E. Test the simple stuff
A surprising number of bugs
show up in areas like I/O validation, error checking, etc. Focusing only on the difficult logical
portions of the program is a mistake; most bugs are simple things that are
obvious once tested.
F. Test the error cases, the rarer cases, and the
boundary conditions
A surprising percentage of
code that is shipped professionally has never
been run. Much of this code is in
branches designed to handle exceptions, unusual cases such as zero-length
input, etc. Think carefully to be sure
you try every error condition, all the odd boundary conditions, etc.
Situations that don’t arise
easily are often buggy. For instance, in
a checkers-playing program from my 305 class, an important test case was a
series of checkers jumps that ended with the jumping piece returning to its original location.
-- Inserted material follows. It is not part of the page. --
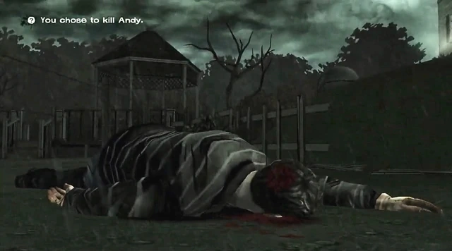 Kick Andy into the electric fence (Dead): If Lee punches Andy over and over, Andy is left bloody and bruised on the ground as Lee begins to walk away. However, Andy begins to taunt Lee, and Lee has the option to kick him into the electric fence and electrocute him.

This is really hard to make happen in checkers, but it can be done, and
a lot of programs broke on this. Many
sophisticated programs have a few odd cases like this that you must
deliberately design for.
G. Use random testing, but recognize its limitations
Writing random test-case
generating code is a good way to get lots of test cases generated quickly, but
it has two significant limitations:
i. In practice, you’d need to determine whether the
outcome of the random test runs was correct (you wouldn’t have an existing
reference implementation to run against) so big random test runs are most
useful for uncovering bugs with obvious effects like seg
faults.
ii. It takes a lot of random
test data to arrive at some rare conditions that could be generated quickly
with a carefully designed test.
H. Automate your tests so they’re easy to run
Build a system that lets you
run tests easily and automatically. Automating
tests is increasingly common in industry, not least because it makes rerunning
the full test suite easy. Regression
tests, in particular, benefit from this because once you’ve fixed the bugs from
a regression, you need to run the full regression again to be sure your fixes
didn’t introduce new bugs (this happens surprisingly often), and this is only
feasible if the regression can be done by machine.